Where Clustering works?

The Helm chart provided by Neo4j for their Enterprise edition works well. We were able to successfully establish clustering. See the link for reference: Neo4j Kubernetes Quickstart

Scenarios Where Clustering Did Not Work?

Scenario 1: Running the Helm Chart Using Neo4j Community Image with Dozerdb Plugin Image

We deployed the Neo4j Community and added the graphstack/dozerdb:5.16.0.0-alpha.1 image to the Helm chart as a “CustomImage”. We received the error that clustering will only work in the Neo4j Enterprise version.

Scenario 2: Using StatefulSet Replicas for Clustering

We followed the suggestion mentioned in the link below: Neo4j Helm Charts Issue #207

In this scenario, we added the graphstack/dozerdb:5.16.0.0-alpha.1 image to the Helm chart as a “CustomImage” and set the following variables:

edition: "enterprise" 
acceptLicenseAgreement: "yes" 
minimumClusterSize: 3 

We created a database named “try1” and created three replicas of the StatefulSet as “neo4j-helm1-0”, “neo4j-helm1-1”, and “neo4j-helm1-2”.

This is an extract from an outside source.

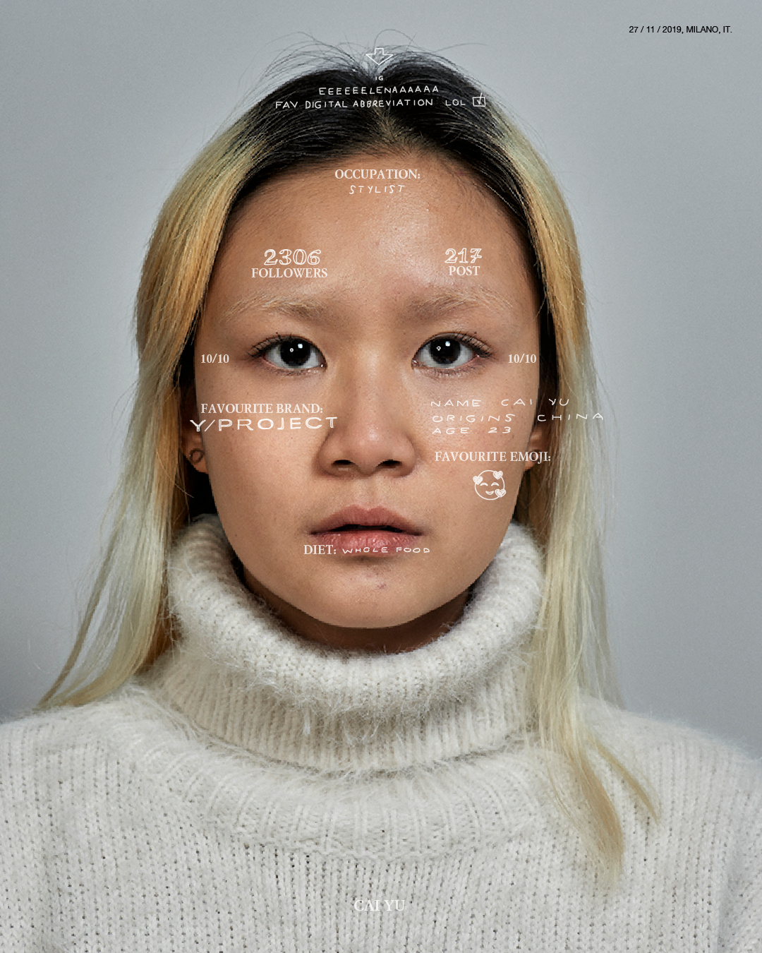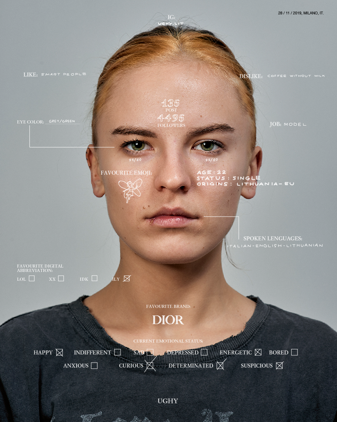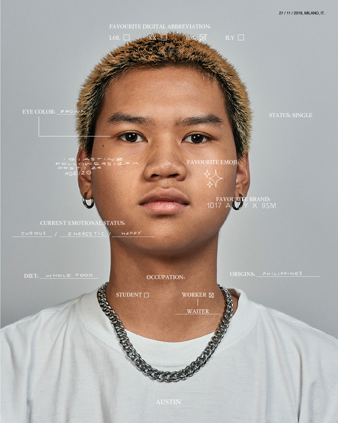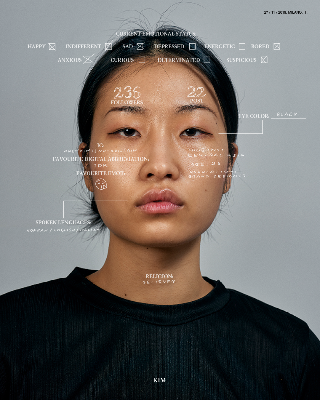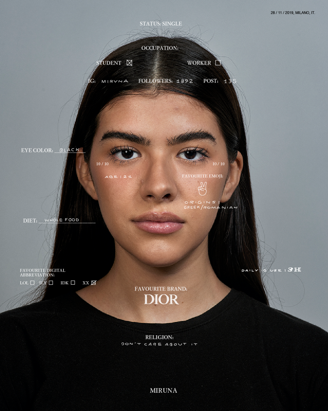 Di sicuro lo studiare un gruppo specifico di giovani adulti contemporanei. Sono loro il carburante del futuro e una rappresentazione trasparente dell'intera società contemporanea. Di conseguenza, forse la fase più interessante di questo progetto è stata il questionario iniziale, che abbiamo chiesto ai modelli di compilare quando sono arrivati in studio. Era un modo di conoscere il coinvolgimento personale di ciascuno. C'erano varie domande sulla vita reale e digitale, ed è stato interessante vedere la combinazione di memoria, carte d'identità e telefoni che utilizzavano per rispondere a tutte queste domande.
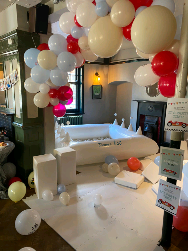 Pastel white bouncy & ball pond

abcd@abcd:~/helm-charts$ kubectl exec -it neo4j-helm1-0 -- bash  
neo4j@neo4j-helm1-0:~$ cd data/databases/ 
neo4j@neo4j-helm1-0:~/data/databases$ ls 
neo4j  store_lock  system  try1 
neo4j@neo4j-helm1-0:~/data/databases$ exit 
exit 
abcd@abcd:~/helm-charts$ kubectl exec -it neo4j-helm1-1 -- bash  
neo4j@neo4j-helm1-1:~$ cd data/databases/ 
neo4j@neo4j-helm1-1:~/data/databases$ ls 
neo4j  store_lock  system 
neo4j@neo4j-helm1-1:~/data/databases$  
exit 
abcd@abcd:~/helm-charts$ kubectl exec -it neo4j-helm1-2 -- bash  
neo4j@neo4j-helm1-2:~$ cd data/databases/ 
neo4j@neo4j-helm1-2:~/data/databases$ ls 
neo4j  store_lock  system 
neo4j@neo4j-helm1-2:~/data/databases$  
exit

With the above configuration, we created three replicas, but they were unable to communicate with each other. The log results below demonstrate that data created in one replica server is not being reflected in the other two replica servers.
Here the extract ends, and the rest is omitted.